[UPDATED with DA Report:] Brea Cop Cleared in Fatal Shooting of Julian "Jules" Collender
"Accordingly, the OCDA is closing its inquiry into this incident."
The letter addressed to Brea Police Chief Jack Conklin and signed by Senior Deputy DA Ebrahim Baytieh of the Homicide UnitYou can read here.
Baytieh claims OCDA investigators interviewed 37 people, including Neel, about the shooting of Collender in front of his family home on Avenida de Marcia in Yorba Linda. The DA's letter includes the most detailed description of what supposedly happened that night.

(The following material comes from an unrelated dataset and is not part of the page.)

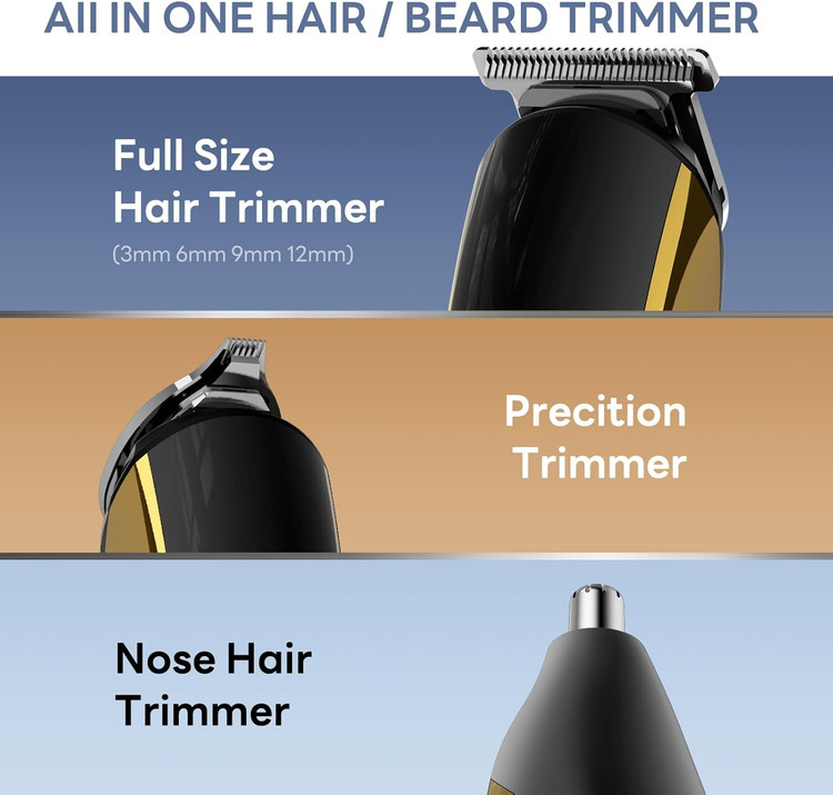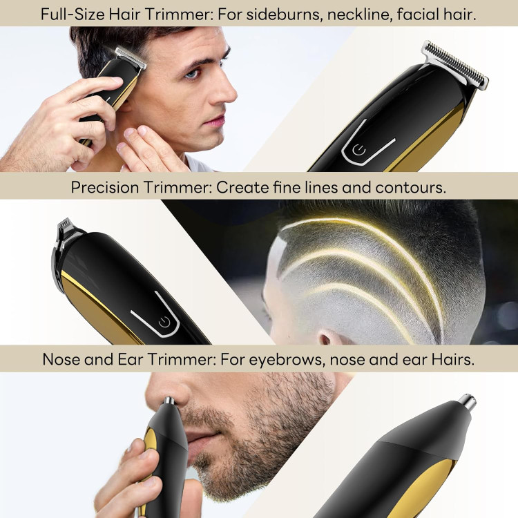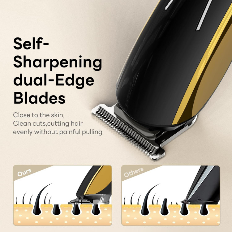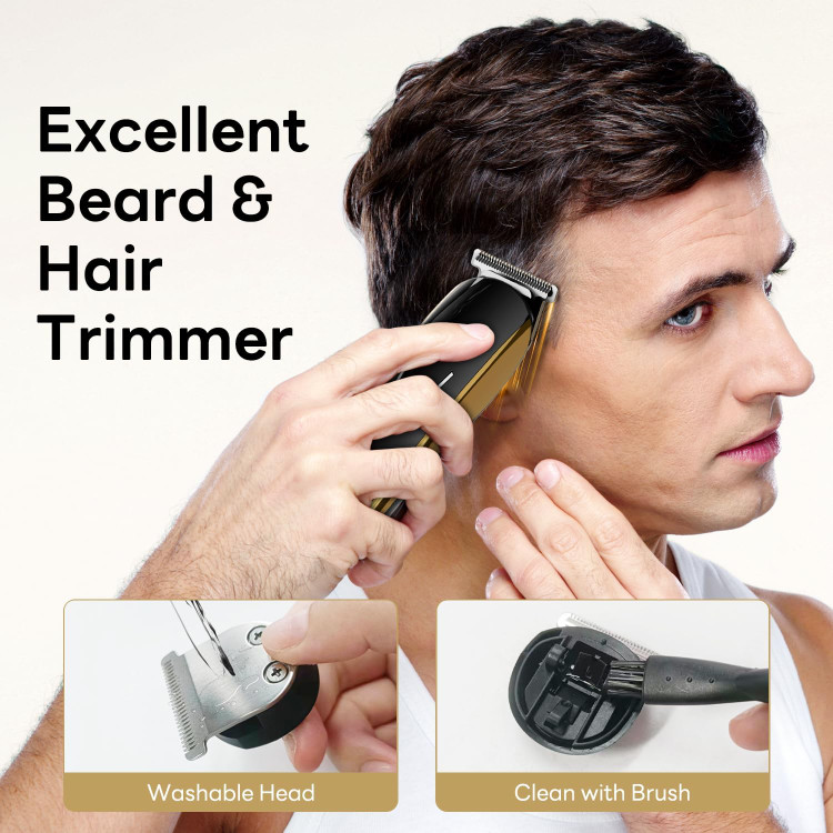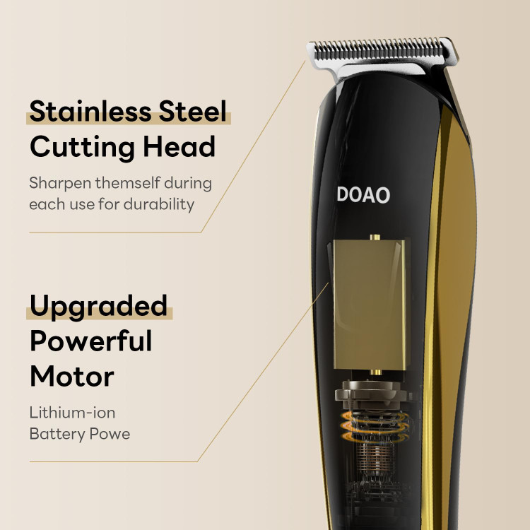 DOAO Beard Trimmer Men,Rechargeable Beard Trimmer&Hair Trimmer with 4 Limit Combs,Stainless Steel Blades,2 in 1 Sharp Blade U Blade,Long Stand-by(100Mins),100% Waterproof, Extra Long Life, Gold

The "background" for the incident includes disclosures that 25-year-old Collender was addicted to Oxycontin, that he did not have a job to pay for the drug, but he did have a Beretta 9mm semi-automatic handgun purchased a month before his last day on Earth.

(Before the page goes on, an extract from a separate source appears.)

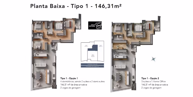- Tipo 01: 2 Suítes + 2 Demi-Suítes ou 3 Suítes + Home Office / 146 m²

The letter says Collender and 21-year-old Adela McCormick drove up to the EZ Take Out burger joint on La Palma Avenue in Yorba Linda in a red Nissan Sentra after 5 p.m. on June 29, 2010. They then got into the back seat of a truck that belonged to 18-year-old driver Chris C. and included passengers Michael F., 19, and Brianna M., 18. Everyone knew one another from Esperanza High School.
Collender is reported to have pointed his Beretta at all three friends, including the head of Chris C., and demanded that the driver give him Oxycontin and everyone give him personal property. Collender and McCormick, who later pleaded guilty to armed robbery and signed a statement admitting Collender's role in the crime, drove off in the Nissan after the robbery.
Chris C. called Brea Police, which patrols Yorba Linda, about the robbery around 9:30 p.m. Detective Michael Johnson told Chris C. to come with Michael F. and Brianna M. to the police station to give statements. They provided Collender's name, car description, license plate number, type of gun used and the fact that the robber demanded $1,000 from Chris C.'s family. Chris C. and Brianna M. also picked out Collender's mugshot from a photo lineup.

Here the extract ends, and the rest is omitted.